Q: I’m a millennial in a New York City apartment with a small kitchen, and my question for you is what cooking essentials does a moderately skilled home cook need? A chef’s knife and a paring knife, obviously, but what else do you think is important? A food processor? A pressure cooker?
A: You don’t need a pressure cooker. A food processor is nice to have, but you don’t need that either. What you need in addition to your knives is a pair of tongs, a wooden cutting board and a good, big, lidded sauté pan of the sort you can buy at a kitchen supply shop for around $40. Also, an enameled Dutch oven for stews, soups and roasting chickens (they’re spendy, so keep an eye out for sales, or go to Ikea), as well as a half sheet pan and a bunch of aluminum mixing bowls. Maybe a colander. Aspire to a rice cooker, and buy one when they clip your boss at work and give you her job.

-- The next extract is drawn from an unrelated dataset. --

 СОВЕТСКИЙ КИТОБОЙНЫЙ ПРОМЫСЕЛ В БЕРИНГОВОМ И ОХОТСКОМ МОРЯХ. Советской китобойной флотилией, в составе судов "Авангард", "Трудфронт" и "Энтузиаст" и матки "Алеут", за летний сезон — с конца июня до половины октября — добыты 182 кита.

Q: You are an inspiration to me for your approach to everyday cooking. However, you do it as part of your job, which makes it inherently manly. I too love to cook every day. My problem comes when I tell friends about my cooking habits. Most of them don’t seem to know what to do with me, and usually I get a raised eyebrow and comments along the lines of, “That must really make your wife happy.” It does, but apparently there aren’t too many men out here making their wives happy in this particular way. How do I enjoy my passion for turning beautiful ingredients into beautiful food and not feel too weird about it?
A: Dude, srsly? You live in some kind of old Alan Alda film that was never released? Kitchens are the new basement workshop for boyfriends and husbands, dads and granddads alike. They’re filled with tools and projects, the promise of craft that can rise to art, everything a fellow needs to fill the holes in his life created by corporate culture and American ennui. But where our own grandfathers’ hand-painted model airplanes or rebuilt carburetors pleased only the maker (and me!), a perfectly executed spaghetti alla carbonara or grilled steak or cassoulet brings happiness to all who eat it. Keep cooking. Your friends will follow along soon enough, just you watch.

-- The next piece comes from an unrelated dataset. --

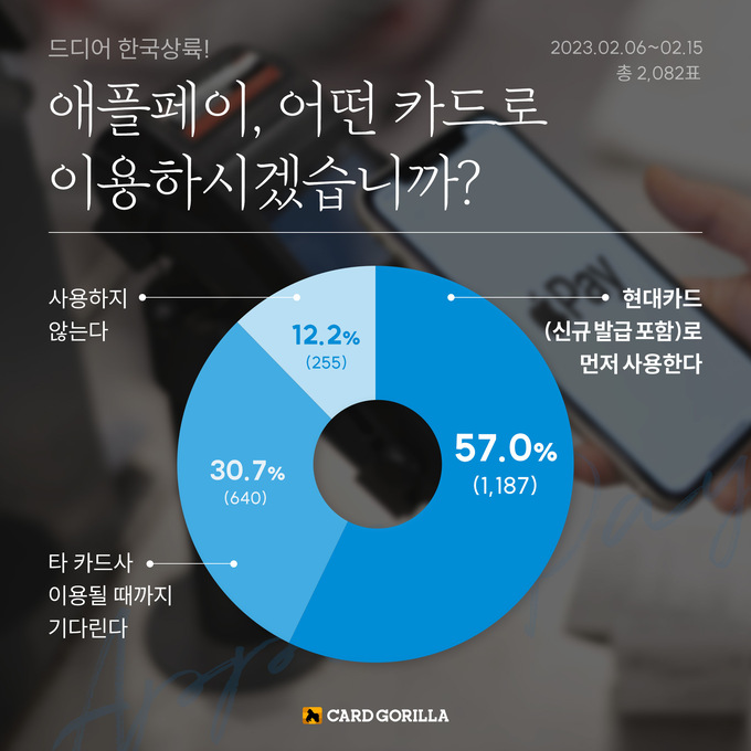 조사 결과 과반수(57.0%, 1,187표)가 ‘현대카드(신규 발급 포함)로 애플페이를 먼저 사용하겠다’고 응답했다. 2위는 ‘타 카드사 이용될 때까지 기다린다’(30.7%, 640표)가 차지했다. 한편 ‘사용하지 않는다’도 12.2%(255표)에 달했다.

Q: I hate a Valentine’s Day dinner out. Too impersonal and not romantic enough. What is a doable meal for my sweetie at home?
A: Now we’re talking. A few years ago, Mark Bittman gave us a terrific recipe for steak Diane — a classic of mid-20th-century fine dining that was generally prepared tableside in a whoosh of brandy flame. His version omits this step (though you can certainly add it), but it is still remarkable in its elegance, simplicity and amorous promise. Serve with roast potatoes, then get busy.

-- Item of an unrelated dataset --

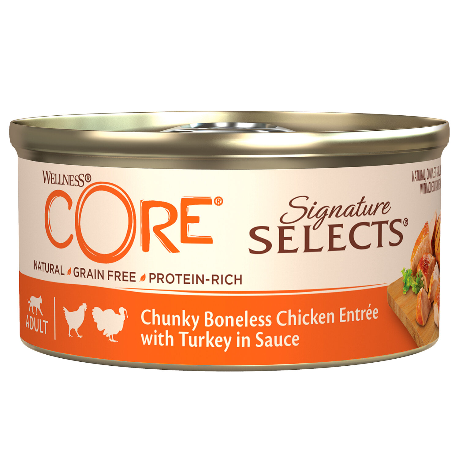 CORE SIGNATURE SELECTS консервы из курицы с индейкой в виде кусочков в соусе для кошек. Беззерновые консервы Wellness CORE созданы, чтобы радовать вашего питомца оригинальным вкусом и нежной текстурой.Высококачественный белок животного происхождения. Правильные углеводы, овощи и пребиотики в Wellness CORE обеспечивает сбалансированное натуральное беззерновое питание для кошек.Преимущества влажных рационов Wellness CORE:- Оптимальный баланс белков, жиров и углеводов.- До 58% свежих мясных ингредиентов. Сочетание нескольких источников белка.- Большое количество витаминов, минералов и антиоксидантов для поддержания иммунитета.- Легкоусвояемая формула с клетчаткой для здоровой микрофлоры.- Беззерновое питание. Не содержит пшеницу, кукурузу и сою. Подходит для животных с чувствительным пищеварением.- Жирные кислоты Омега-З и Омега-6 в оптимальном соотношении для здоровья кожи и шерсти.Рекомендации по кормлению: При кормлении только влажным кормом Wellness CORE: примерно 3 банки на 4 кг веса животного ежедневно. В сочетании с сухим кормом Wellness: 14 г сухого корма должно приходиться на каждую банку влажного корма.Рекомендуется подавать корм комнатной температуры.Вскрытую банку хранить в холодильнике не более суток.Всегда обеспечивать питомцу свободный доступ к чистой питьевой воде.Ингредиенты: Куриный бульон, курица, индейка, картофельный крахмал, яйца, подсолнечное масло, минералы.Состав: Куриный бульон, курица 28%, индейка 4%, картофельный крахмал, яйца, подсолнечное масло, минералы.Пищевая ценность: белки 7,6%, жиры 5,0%, сырая клетчатка 0,3%, сырая зола 2,1%, влага 76%.Добавки на кг: таурин 1 540 мг, витамин А 15 400 МЕ, витамин D3 454 МЕ, витамин Е 69 мг, aминокислотный хелат цинка гидрат 115 мг, aминокислотный хелат железа гидрат 79 мг, aминокислотный хелат марганца гидрат 28 мг, aминокислотный хелат меди гидрат 18 мг, йодид калия 0,3 мг, селенит натрия 0,065 мг, натрий 0,1%, кальций 0,23%, магний 0,02%, фосфор 0,17%.

2 6-ounce portions of filet mignon, preferably not too lean
Kosher salt and freshly ground black pepper, to taste
1 tablespoon extra virgin olive oil
2 tablespoons unsalted butter
1 tablespoon minced shallot or onion
1 teaspoon Dijon mustard
1 teaspoon Worcestershire sauce, or to taste
1/2 cup heavy cream or half-and-half
Lemon juice to taste, optional
Chopped fresh chives or parsley leaves for garnish.
1. Flatten fillets a bit with the palm of your hand, the back of a skillet or a small mallet; they should be about 1 inch thick. Sprinkle with salt and a lot of pepper. In small skillet, preferably one just large enough to hold fillets, combine oil and tablespoon of butter over medium-high heat. When butter foam melts, sear steaks on both sides, just until browned, no more than 2 minutes a side. Remove to platter.
2. Wipe pan clean with towel; add remaining butter over medium heat, with shallot or onion. Cook, stirring occasionally, until tender, about 2 minutes. Stir in mustard, Worcestershire and cream. Add some salt and a fair amount of pepper. Stir once or twice, then taste and adjust seasoning.
3. Keeping mixture at a steady simmer, return meat and accumulated juices to pan. Cook, turning two or three times, until meat is done to your liking (125 degrees internal temperature for medium-rare). Remove to a plate, and add lemon juice, if using, salt and pepper to the sauce as needed. Spoon sauce over meat, garnish with chives or parsley, and serve.